EXERCISE DIRECTIONS: In your copy, leave out the pictures; write out all the data exactly.

_ _ _ _

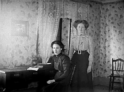 TVÅ KVINNOR VID ETT SKRIVBORD.
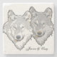 Stylish stone coaster with graphics of the faces of two gray wolves. Gray text is ready to personalize to read what you want. Great gift idea for anyone.
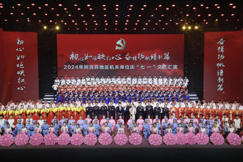 盛世华诞、同心向党。6月27日,地委直属机关工委主办的“初心如炬映红心·奋楫扬帆谱新篇”2024年阿克苏地区机关单位庆“七一”文艺汇演在地区融媒体中心举行,庆祝中国共产党成立103周年。阿克苏地委书记吴红展致辞并为光荣在党50周年的党员颁发纪念章。
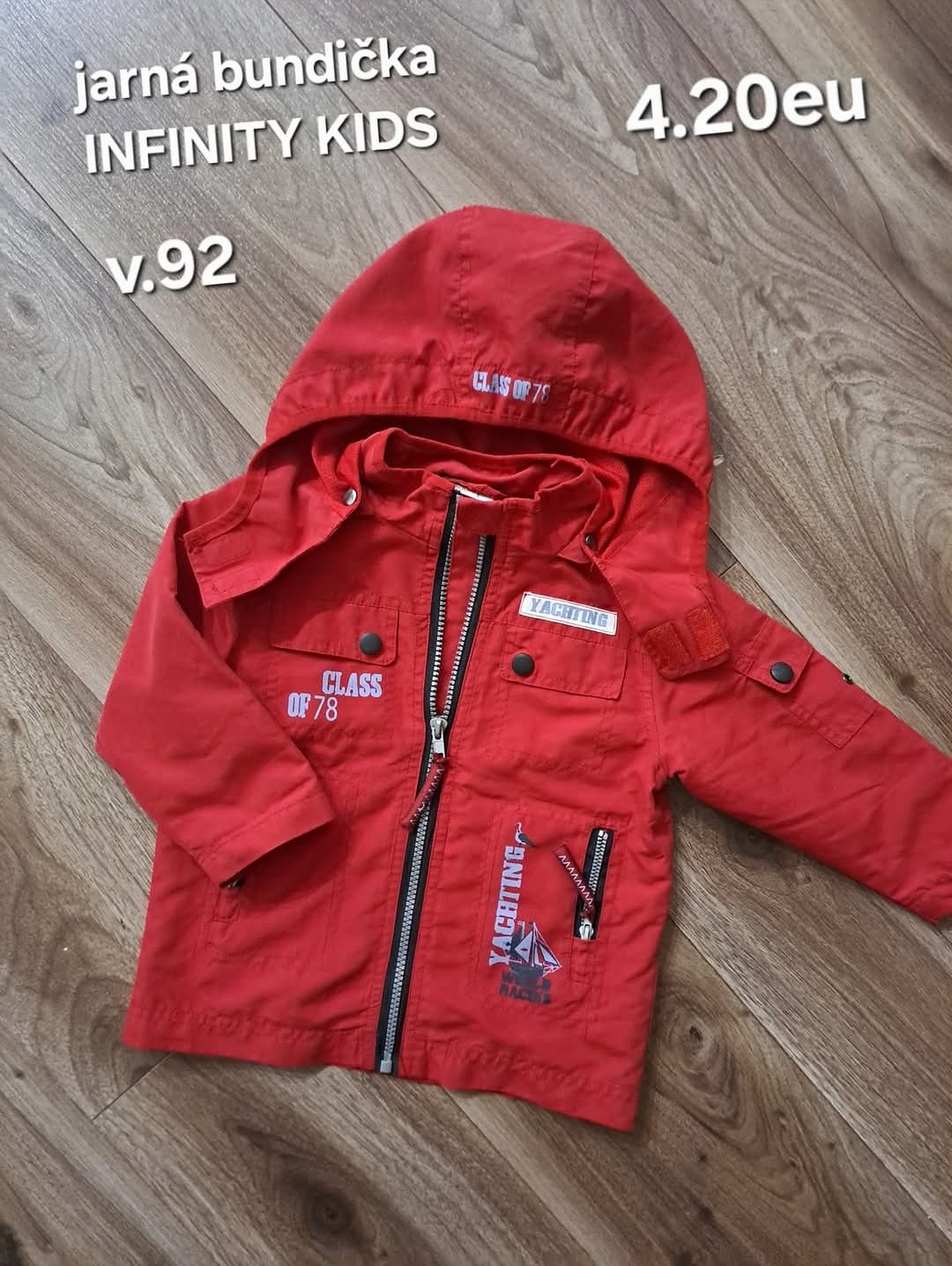 48. GEORGE prechodna vetrovka, vzadu predlžena, vo velkosti 92-98, v super stave, bez poškodení, dlžka prednej časti je 44cm a zadnej je 48cm, dlžka rukava od krku je 43cm a širka v podpazuší je cc...
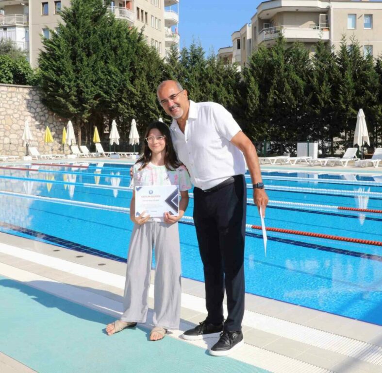 Mudanya Belediyesi tarafından 25 Haziran ile 5 Temmuz tarihleri düzenlenen yüzme kursu 1. dönemi sona erdi. Yüzme kursuna katılan yaklaşık 250 öğrenciye Mudanya Belediyesi Yüzme Havuzu’nda düzenlenen törenle sertifikaları verildi. Profesyonel eğitmenler eşliğinde keyifli ve güvenli bir yüzme deneyimi yaşayan öğrenciler sertifikalarını Mudanya Belediye Başkanı Deniz Dalgıç ve belediye meclis üyelerinin elinden aldı. Yüzme kurslarında suda kalma, su üzerinde ilerleme teknikleri öğretilirken, kendi kendine güven sağlama, suda kendini koruma yüzme stilleri eğitimleri verildi.
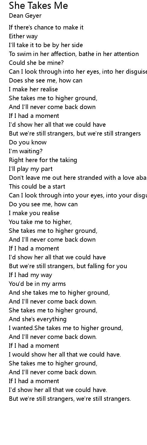 I wanted.She takes me to higher ground, |
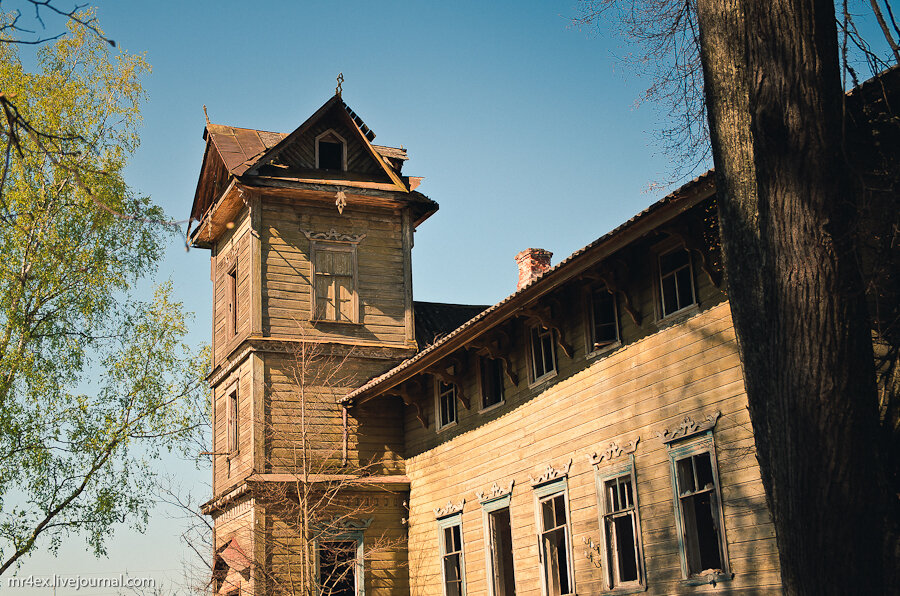 Архитекторы говорят, что она построена в стиле модерн. То-то я узнаю мотивчик, который повсеместно пихают в современную белорусскую архитектуру. Я про башню говорю. Только разница в том, что тут она выглядит красиво и к месту. Жаль, что усадьба заброшена и почти разрушена. А между прочим ее можно купить на аукционе. Там кое-где даже еще обои есть и печки. Хозяином, судя по всему до прихода большевиков, был дворянин Болычев. Чем конкретно он занимался, я так и не понял, вроде секретарем при суде работал. Но не суть. Важно, что сейчас дела у недвижимости плохи.
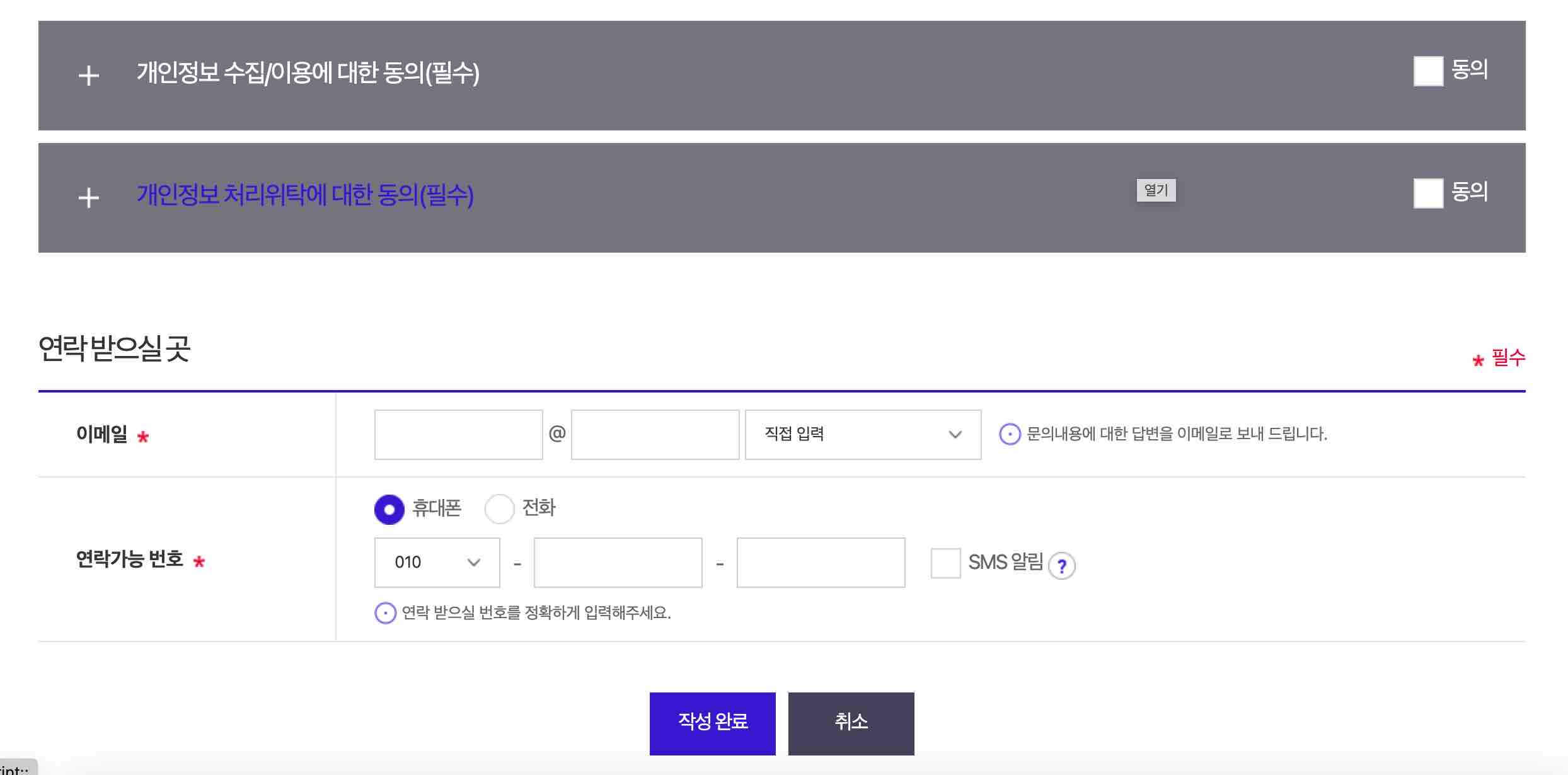 4) 개인정보 수집/이용 및 처리위탁에 대한 동의하고, 연락받을 이메일 및 번호 기입 후 완료.
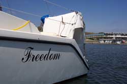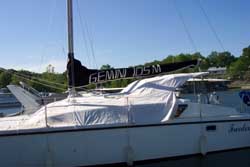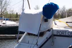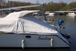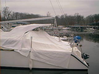 | We are docked in Kentucky near a company that loads coal on barges. I don't have the space to discuss the problems I had trying to get a cover made to keep the boat clean. I finally decided that if I can build an airplane, I can surely learn to sew and make my own cover. With that in mind I bought a Sailrite Sewing machine and lots of yards of Sunbrella and made a cover. The picture above is the cover in process. The pictures below show the completed cover. If you are wondering, This probably shouldn't be your first project sewing. It came out fine but if I made another it would come out better. This really doesn't matter since within 3 months it will be covered in coal dust. In case you are wondering, it takes about 30 minutes to put on. In the past, it took me 3 hours to clean off the dust after a week of being gone. Fair exchange. Note: May 4, 03 I was away for a month since finishing the cover. After removing it, it only took me 30 minutes and the boat was spotless. So the bottom line is I gained 1 1/2 hours for each weekend. Again, fair exchange. |
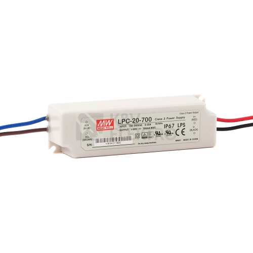 LPC-20 je série 20W AC/DC zdrojů s konstantním proudovým režimem a jedním výstupem. Tento konkrétní model poskytuje 700mA na výstupu. Je vhodný pro realizaci LED aplikací, i protože disponuje třídou ochrany II (bez FG pinu) a plně izolovaným plastovým krytem s vysokým stupněm krytí IP67. Technická data: Zdroj konstantního proudu Univerzální AC vstup Pně uzavřené provedení s krytím IP67 Odolnost průrazem 300VAC po dobu 5 sekund Proudová ochrana Napěťová ochrana UL1310 Třída 2 Kompaktní malé provedení Plně izolované plastové provedení těla Pasivní chlazení Nízká cena, dlouhá životnost Použití pro LED svítidla a signalizace
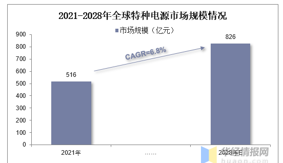 特種電源是指具有不同于普通電源的特殊指標(biāo)(如高壓輸出、特大電流輸出、脈沖輸出等)和特殊用途的電源裝置。據(jù)NT Cysd數(shù)據(jù),2021年全球軍用電源市場規(guī)模大約為516億元,預(yù)計2028年將達(dá)到826億元,2022-2028期間年復(fù)合增長率為6.8%。
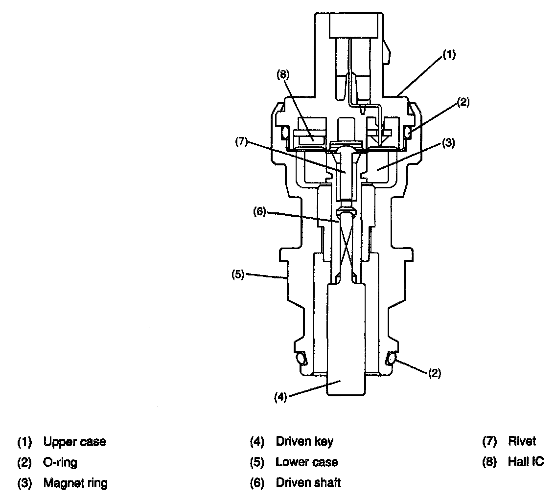 The speed sensor mainly consists of a Hall IC, magnet ring, driven shaft and spring.
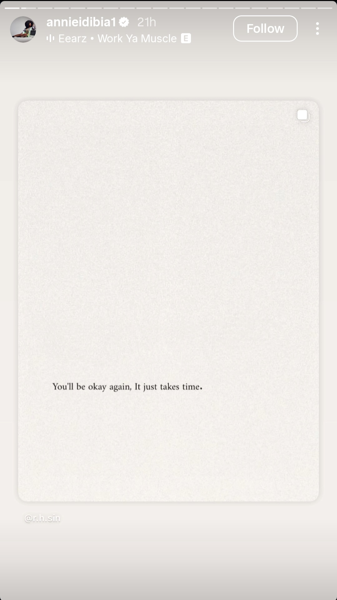 Annie Idibia has sparked speculation on social media after sharing a series of cryptic posts amid the ongoing public drama between her ex-husband, 2Face Idibia, and his wife, Natasha Osawaru.
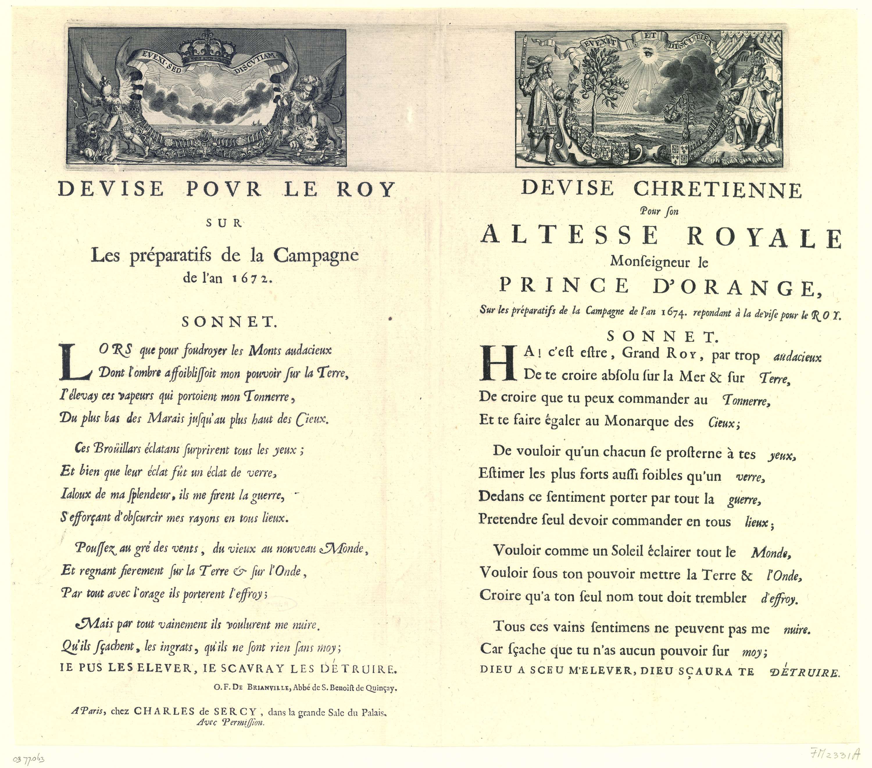 Blad met links een Franse zinnebeeld met de Franse koning, waarin hij zich vergelijkt met de zon en waarin de Nederlandse Leeuw overwonnen wordt, met begeleidende verzen vervaardigd ter gelegenheid van de Franse campagne in 1672. Rechts een Nederlandse zinnebeeld met de strijdvaardige prins Willem III en een melancholieke Lodewijk XIV zittend op zijn troon, ...

_ _ _ _

EXERCISE OUTPUT:
 TVÅ KVINNOR VID ETT SKRIVBORD.
 Stylish stone coaster with graphics of the faces of two gray wolves. Gray text is ready to personalize to read what you want. Great gift idea for anyone.
 盛世华诞、同心向党。6月27日,地委直属机关工委主办的“初心如炬映红心·奋楫扬帆谱新篇”2024年阿克苏地区机关单位庆“七一”文艺汇演在地区融媒体中心举行,庆祝中国共产党成立103周年。阿克苏地委书记吴红展致辞并为光荣在党50周年的党员颁发纪念章。
 48. GEORGE prechodna vetrovka, vzadu predlžena, vo velkosti 92-98, v super stave, bez poškodení, dlžka prednej časti je 44cm a zadnej je 48cm, dlžka rukava od krku je 43cm a širka v podpazuší je cc...
 Mudanya Belediyesi tarafından 25 Haziran ile 5 Temmuz tarihleri düzenlenen yüzme kursu 1. dönemi sona erdi. Yüzme kursuna katılan yaklaşık 250 öğrenciye Mudanya Belediyesi Yüzme Havuzu’nda düzenlenen törenle sertifikaları verildi. Profesyonel eğitmenler eşliğinde keyifli ve güvenli bir yüzme deneyimi yaşayan öğrenciler sertifikalarını Mudanya Belediye Başkanı Deniz Dalgıç ve belediye meclis üyelerinin elinden aldı. Yüzme kurslarında suda kalma, su üzerinde ilerleme teknikleri öğretilirken, kendi kendine güven sağlama, suda kendini koruma yüzme stilleri eğitimleri verildi.
 I wanted.She takes me to higher ground, |
 Архитекторы говорят, что она построена в стиле модерн. То-то я узнаю мотивчик, который повсеместно пихают в современную белорусскую архитектуру. Я про башню говорю. Только разница в том, что тут она выглядит красиво и к месту. Жаль, что усадьба заброшена и почти разрушена. А между прочим ее можно купить на аукционе. Там кое-где даже еще обои есть и печки. Хозяином, судя по всему до прихода большевиков, был дворянин Болычев. Чем конкретно он занимался, я так и не понял, вроде секретарем при суде работал. Но не суть. Важно, что сейчас дела у недвижимости плохи.
 4) 개인정보 수집/이용 및 처리위탁에 대한 동의하고, 연락받을 이메일 및 번호 기입 후 완료.
 | We are docked in Kentucky near a company that loads coal on barges. I don't have the space to discuss the problems I had trying to get a cover made to keep the boat clean. I finally decided that if I can build an airplane, I can surely learn to sew and make my own cover. With that in mind I bought a Sailrite Sewing machine and lots of yards of Sunbrella and made a cover. The picture above is the cover in process. The pictures below show the completed cover. If you are wondering, This probably shouldn't be your first project sewing. It came out fine but if I made another it would come out better. This really doesn't matter since within 3 months it will be covered in coal dust. In case you are wondering, it takes about 30 minutes to put on. In the past, it took me 3 hours to clean off the dust after a week of being gone. Fair exchange. Note: May 4, 03 I was away for a month since finishing the cover. After removing it, it only took me 30 minutes and the boat was spotless. So the bottom line is I gained 1 1/2 hours for each weekend. Again, fair exchange. |
 LPC-20 je série 20W AC/DC zdrojů s konstantním proudovým režimem a jedním výstupem. Tento konkrétní model poskytuje 700mA na výstupu. Je vhodný pro realizaci LED aplikací, i protože disponuje třídou ochrany II (bez FG pinu) a plně izolovaným plastovým krytem s vysokým stupněm krytí IP67. Technická data: Zdroj konstantního proudu Univerzální AC vstup Pně uzavřené provedení s krytím IP67 Odolnost průrazem 300VAC po dobu 5 sekund Proudová ochrana Napěťová ochrana UL1310 Třída 2 Kompaktní malé provedení Plně izolované plastové provedení těla Pasivní chlazení Nízká cena, dlouhá životnost Použití pro LED svítidla a signalizace
 特種電源是指具有不同于普通電源的特殊指標(biāo)(如高壓輸出、特大電流輸出、脈沖輸出等)和特殊用途的電源裝置。據(jù)NT Cysd數(shù)據(jù),2021年全球軍用電源市場規(guī)模大約為516億元,預(yù)計2028年將達(dá)到826億元,2022-2028期間年復(fù)合增長率為6.8%。
 The speed sensor mainly consists of a Hall IC, magnet ring, driven shaft and spring.
 Annie Idibia has sparked speculation on social media after sharing a series of cryptic posts amid the ongoing public drama between her ex-husband, 2Face Idibia, and his wife, Natasha Osawaru.
 Blad met links een Franse zinnebeeld met de Franse koning, waarin hij zich vergelijkt met de zon en waarin de Nederlandse Leeuw overwonnen wordt, met begeleidende verzen vervaardigd ter gelegenheid van de Franse campagne in 1672. Rechts een Nederlandse zinnebeeld met de strijdvaardige prins Willem III en een melancholieke Lodewijk XIV zittend op zijn troon, ...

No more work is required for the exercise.